* **Exercise inputs**
-----
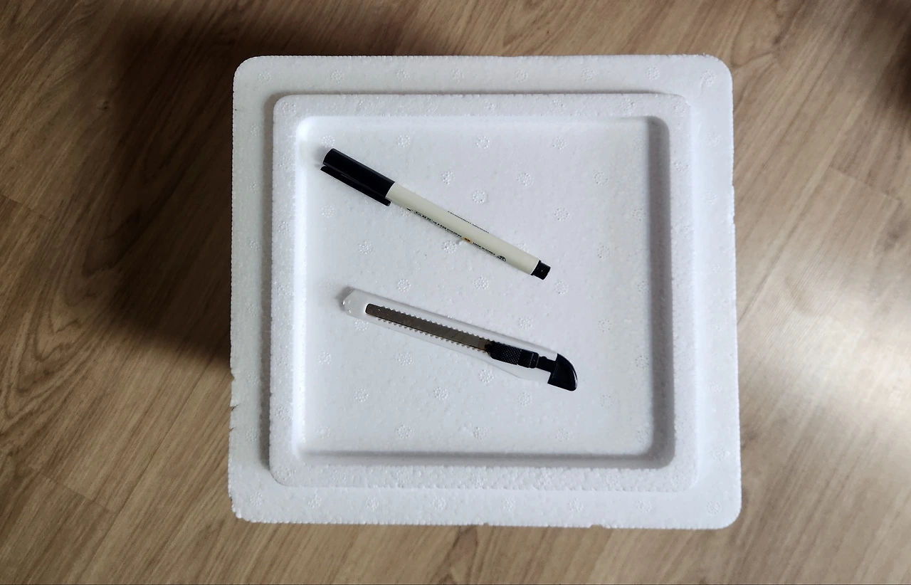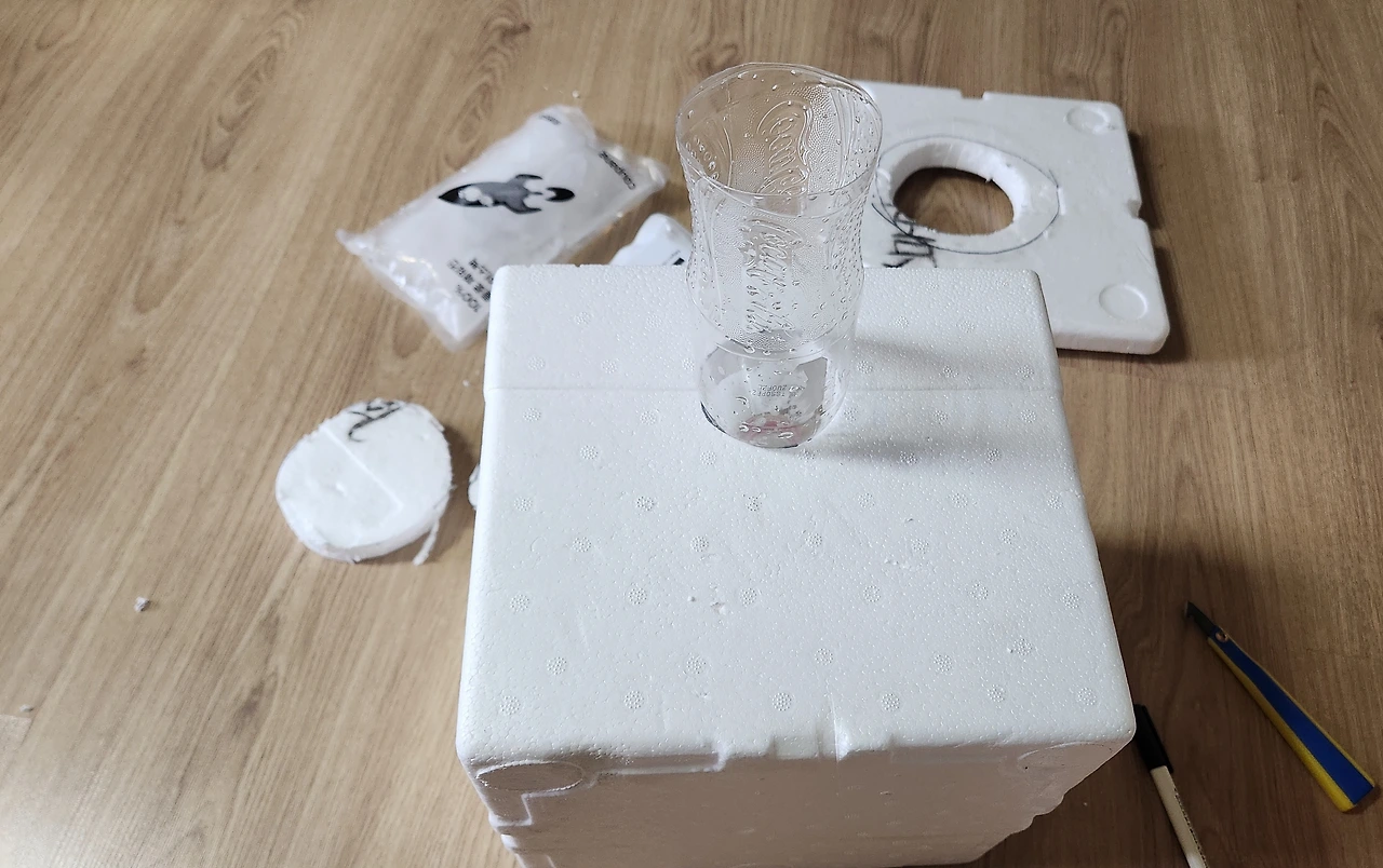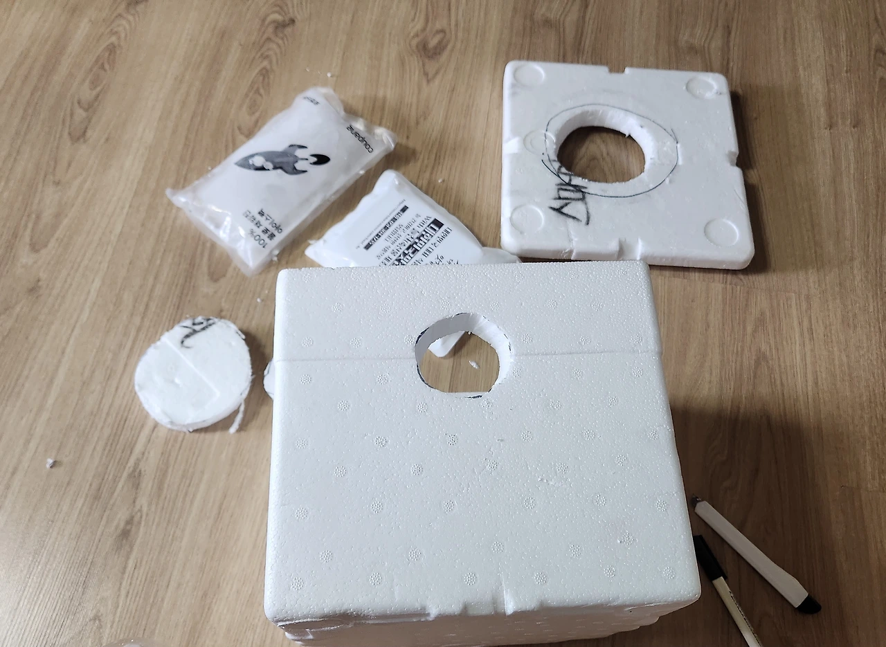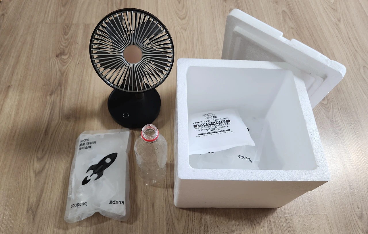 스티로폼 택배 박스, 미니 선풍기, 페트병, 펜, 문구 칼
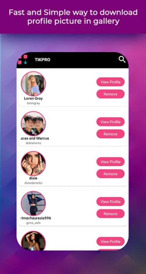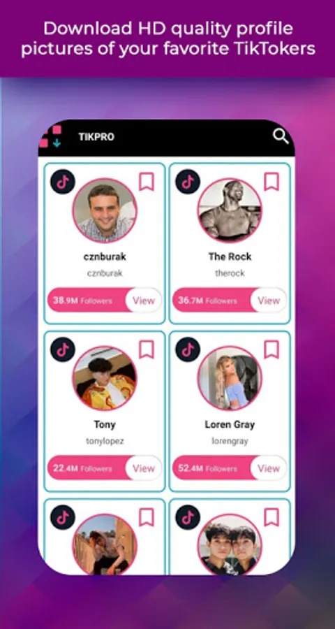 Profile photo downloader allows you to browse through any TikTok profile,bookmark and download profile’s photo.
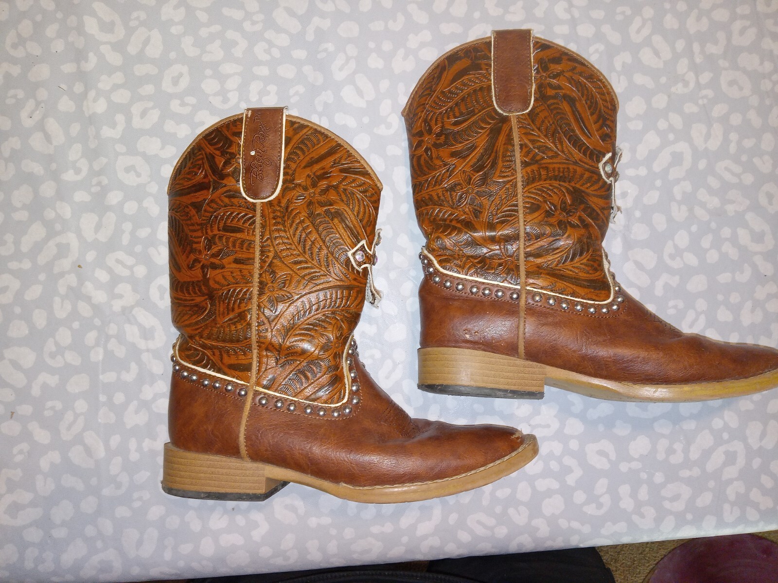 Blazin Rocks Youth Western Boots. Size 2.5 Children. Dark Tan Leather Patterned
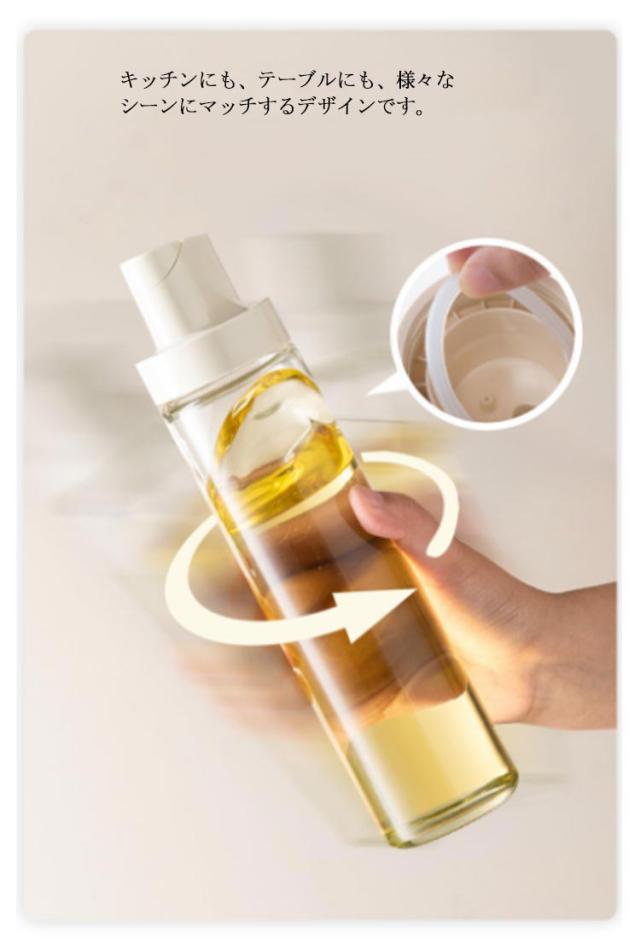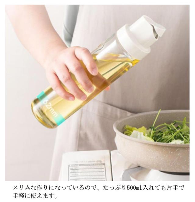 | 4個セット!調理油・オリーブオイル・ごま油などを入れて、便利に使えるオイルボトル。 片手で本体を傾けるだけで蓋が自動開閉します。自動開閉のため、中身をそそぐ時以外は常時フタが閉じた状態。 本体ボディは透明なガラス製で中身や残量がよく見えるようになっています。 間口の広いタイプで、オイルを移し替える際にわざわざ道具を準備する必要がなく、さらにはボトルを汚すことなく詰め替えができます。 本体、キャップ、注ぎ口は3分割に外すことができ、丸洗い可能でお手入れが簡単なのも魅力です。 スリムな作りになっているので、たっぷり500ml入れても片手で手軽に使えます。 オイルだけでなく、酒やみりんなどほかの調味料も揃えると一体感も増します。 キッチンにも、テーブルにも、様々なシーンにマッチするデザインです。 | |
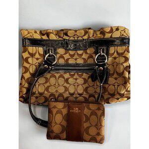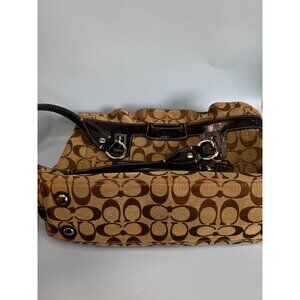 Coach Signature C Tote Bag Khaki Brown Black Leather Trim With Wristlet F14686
-----
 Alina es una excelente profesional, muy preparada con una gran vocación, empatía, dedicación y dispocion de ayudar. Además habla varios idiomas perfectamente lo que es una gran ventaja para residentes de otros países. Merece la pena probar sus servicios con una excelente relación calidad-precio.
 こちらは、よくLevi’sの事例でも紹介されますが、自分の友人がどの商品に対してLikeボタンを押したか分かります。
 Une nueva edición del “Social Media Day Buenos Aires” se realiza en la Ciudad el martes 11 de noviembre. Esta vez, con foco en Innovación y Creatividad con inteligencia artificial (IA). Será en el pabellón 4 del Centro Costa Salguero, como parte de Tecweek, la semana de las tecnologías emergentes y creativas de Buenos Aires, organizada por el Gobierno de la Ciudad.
-----
* **Prompt**
Write out, word for word, the stretch of entries that begins at the line with "스티로폼 택배 박스, 미니 선풍기, 페트병, 펜, 문구 칼" and ends at the line with "Coach Signature C". Pictures do not belong in it.

* **Response area**
 스티로폼 택배 박스, 미니 선풍기, 페트병, 펜, 문구 칼
 Profile photo downloader allows you to browse through any TikTok profile,bookmark and download profile’s photo.
 Blazin Rocks Youth Western Boots. Size 2.5 Children. Dark Tan Leather Patterned
 | 4個セット!調理油・オリーブオイル・ごま油などを入れて、便利に使えるオイルボトル。 片手で本体を傾けるだけで蓋が自動開閉します。自動開閉のため、中身をそそぐ時以外は常時フタが閉じた状態。 本体ボディは透明なガラス製で中身や残量がよく見えるようになっています。 間口の広いタイプで、オイルを移し替える際にわざわざ道具を準備する必要がなく、さらにはボトルを汚すことなく詰め替えができます。 本体、キャップ、注ぎ口は3分割に外すことができ、丸洗い可能でお手入れが簡単なのも魅力です。 スリムな作りになっているので、たっぷり500ml入れても片手で手軽に使えます。 オイルだけでなく、酒やみりんなどほかの調味料も揃えると一体感も増します。 キッチンにも、テーブルにも、様々なシーンにマッチするデザインです。 | |
 Coach Signature C Tote Bag Khaki Brown Black Leather Trim With Wristlet F14686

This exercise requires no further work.